As we have seen recently, Apple doesn’t have the power to hand over everything that the prosecution could ask or would like to have. Thus, they usually only provide transaction data and what the user has uploaded on iCloud. Sometimes, the authorities investigate a case of a stolen device, so Apple hands over location data. In other cases, it is credit card fraud, so the transaction details are disclosed. No matter what is the case, whatever is stored on the device cannot be accessed by Apple, and by extension, is out of the reach of anyone else.

When Apple receives a request of this type, the customer who is impacted by it is also notified by the tech giant. However, Apple clarifies than in some cases where the legal process may be affected, they may provide data to the authorities without sending a notification to the user.
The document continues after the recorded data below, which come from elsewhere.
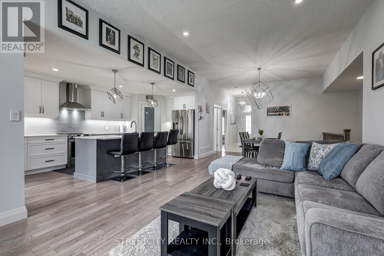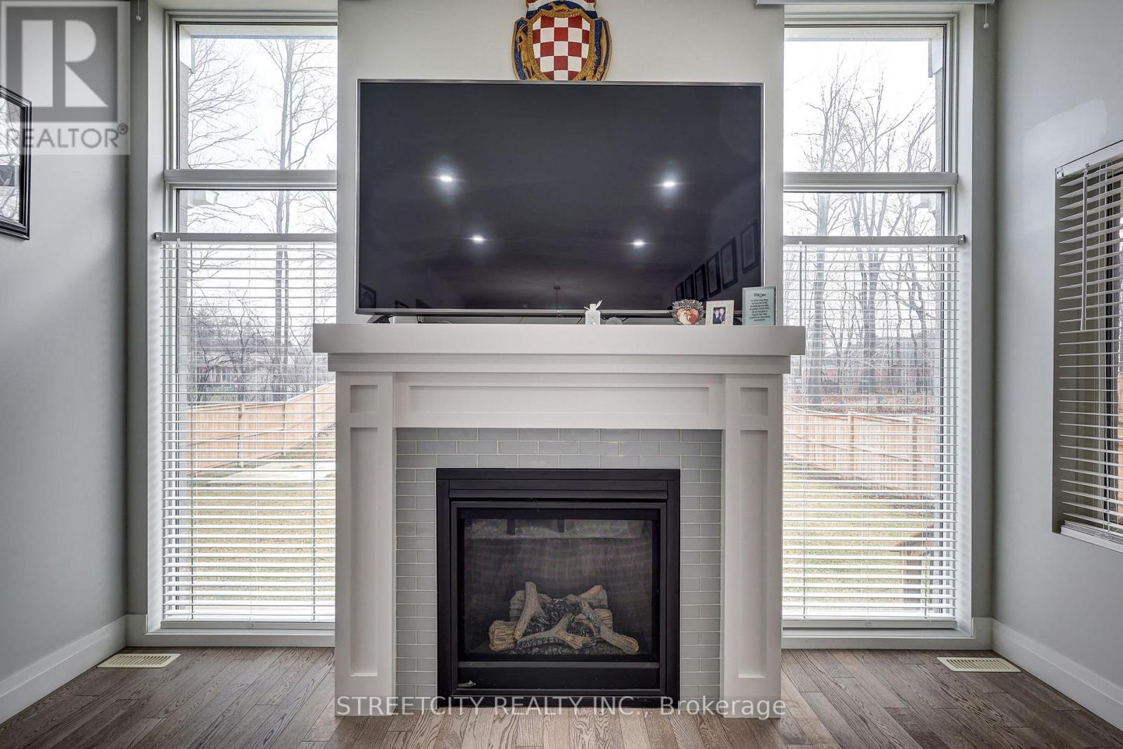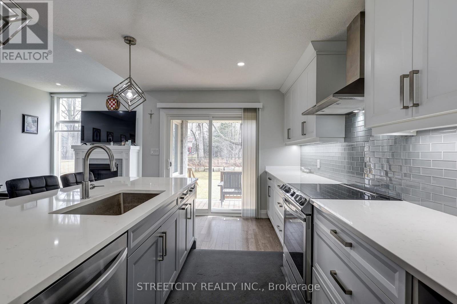 This stunning 2+2 bedroom, 3-bathroom Don West built home sits on a beautifully treed lot just minutes from Highway 401, London, and the beaches of Port Stanley. The main floor offers a bright, open-concept layout highlighted by a gorgeous great room with engineered hardwood flooring, a cozy gas fireplace, and scenic views of the private yard. The kitchen is a chef's dream, featuring stone countertops, a pantry, and a stylish backsplash, all flowing seamlessly into the spacious dining area-perfect for entertaining or enjoying family meals. Patio doors lead to a covered rear patio and a fully fenced backyard with plenty of room for kids, pets, or even a future pool. The primary suite is a true retreat, complete with a luxurious 5-piece ensuite showcasing double sinks, a soaker tub, and a walk-in shower, along with a generous walk-in closet and convenient access to the main floor laundry. A second bedroom and an additional 4-piece bathroom complete the main level. The fully finished lower level is ideal for a growing family, offering two more bedrooms, a 3-piece bathroom, and ample space for teenagers or family movie nights. A stunning concrete driveway and double car garage provide plenty of parking. Located within the Southwold school district and within walking distance to two parks, this home offers the perfect blend of comfort, style, and family-friendly living. Don't wait on this stunning home! (id:64974)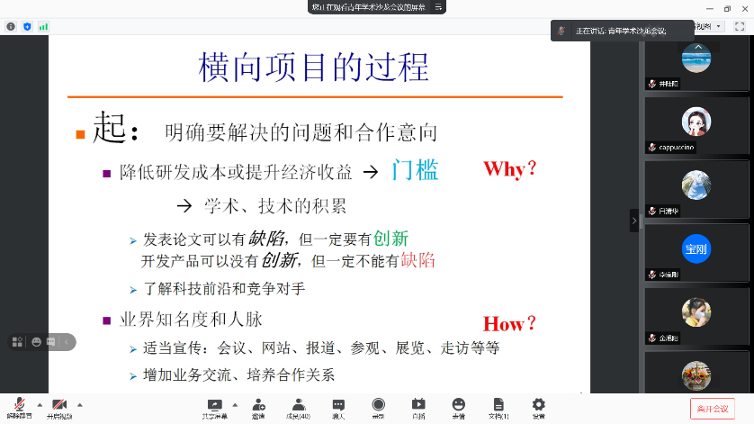 本期学术沙龙活动采用线上与线下同步进行的方式。陈成军副院长介绍了高水平研究成果对青年教师个人发展、学院发展和学校发展的必要性,强调了高水平成果是推动学科发展的重要组成部分,并分析了学院在该方面面临的挑战和机遇。学院青年教师张彦彬博士分享了“综述论文撰写体会”,从选题、思路、内容、语言、格式等方面介绍了综述论文的写作过程。朱晓阳博士分享了“顶刊论文撰写的一点见解”,其突破自我、永攀高峰的科研精神,为青年教师迈向高层次研究建立了信心。张西龙博士分享了“SCI论文撰写及修改个人体会”,从论文写作的目的、创新性、方法、审稿回复等方面详细地介绍了论文写作过程中的潜在问题及其解决办法。安峰岩博士分享了“关于开展横向项目合作的体会和思考”,强调了针对行业需求提前规划技术门槛的必要性,介绍了开展横向项目合作的关键因素。最后,郭峰院长对本次活动给予了充分肯定,强调了学术研究对高校教师的重要性,希望青年教师立足学校和地方需求,做到既立地又顶天,尽早进行学术规划,,鼓励青年教师多出高水平代表性成果。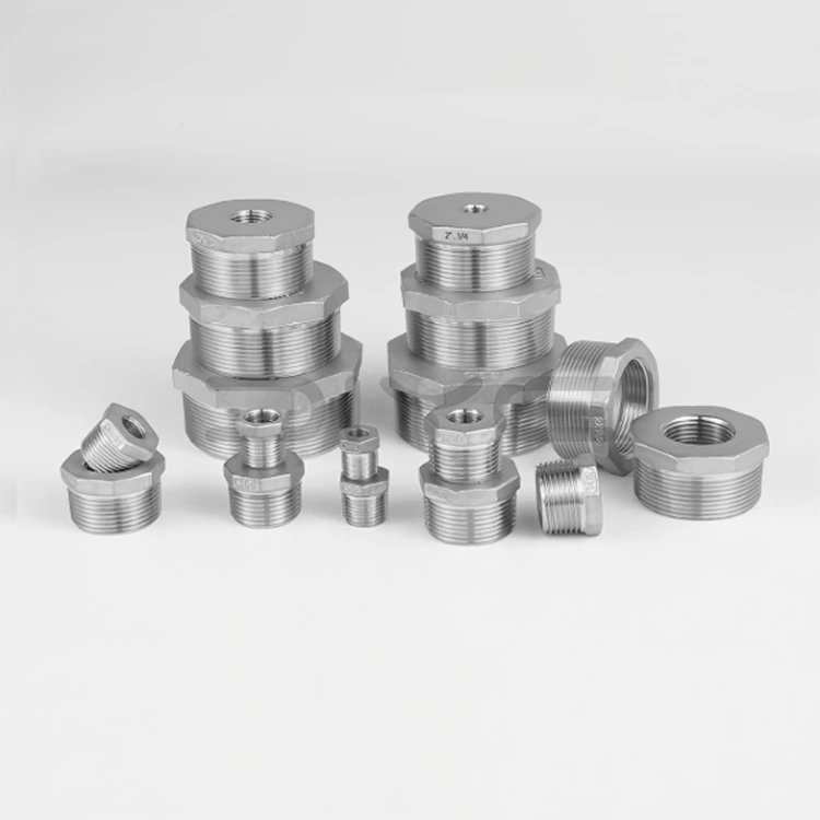 Ang Stainless Steel Hex Bushings ay gawa sa mataas na kalidad na SS304 (CF8) at SS316 (CF8M) na hindi kinakalawang na asero, na nagtataglay ng mahusay na paglaban sa kaagnasan, pag-iwas sa kalawang, at paglaban sa sukat. Nilalabanan nila ang kaagnasan mula sa mga acid, alkalis, at iba't ibang kemikal, na pumipigil sa pagkasira ng materyal at pagkasira ng pagganap sa ilalim ng malupit na mga kondisyon sa pagtatrabaho, pagpapahaba ng buhay ng produkto, at pagbabawas ng mga gastos sa pagpapalit at pagpapanatili.

This is especially the case in situations involving child endangerment, risk of harm, or when the device is stolen.

The following lists will give you an idea (top five in each category) of what happened during H1 2020:

Device Requests:

  1. Germany – 13558 (81% approved)
  2. USA – 4796 (84% approved)
  3. Australia – 1875 (81% approved)
  4. Spain – 1616 (78% approved)
  5. Singapore – 1445 (87% approved)

Financial Identifier Requests:

  1. Germany – 1072 (85% approved)
  2. USA – 918 (81% approved)
  3. Spain – 855 (64% approved)
  4. Taiwan – 206 (91% approved)
  5. France – 199 (72% approved)

Government Account Requests:

  1. USA – 3619 (90% approved)
  2. Germany – 459 (75% approved)
  3. Brazil – 448 (88% approved)
  4. Taiwan – 395 (89% approved)
  5. United Kingdom – 364 (85% approved)

Emergency Government Requests:

  1. United Kingdom – 259 (87% approved)
  2. USA – 206 (90% approved)
  3. Canada – 33 (94% approved)
  4. Germany – 20 (95% approved)
  5. Switzerland – 14 (100% approved)

App Store Takedown Requests:

  1. United Arab Emirates – 275 apps (no apps were removed)
  2. China – 196 apps (55 apps were removed)
  3. Vietnam – 46 apps (no apps were removed)
  4. Russia – 16 apps (15 apps were removed)
  5. Turkey – 2 apps (2 apps were removed)

In conclusion, we can say that Germany surprisingly topped the lists which says something about how the law approaches new technologies there. Spain was also pretty high, and the fact that their approval percentages weren’t very high indicates that many of the requests for data were poorly substantiated.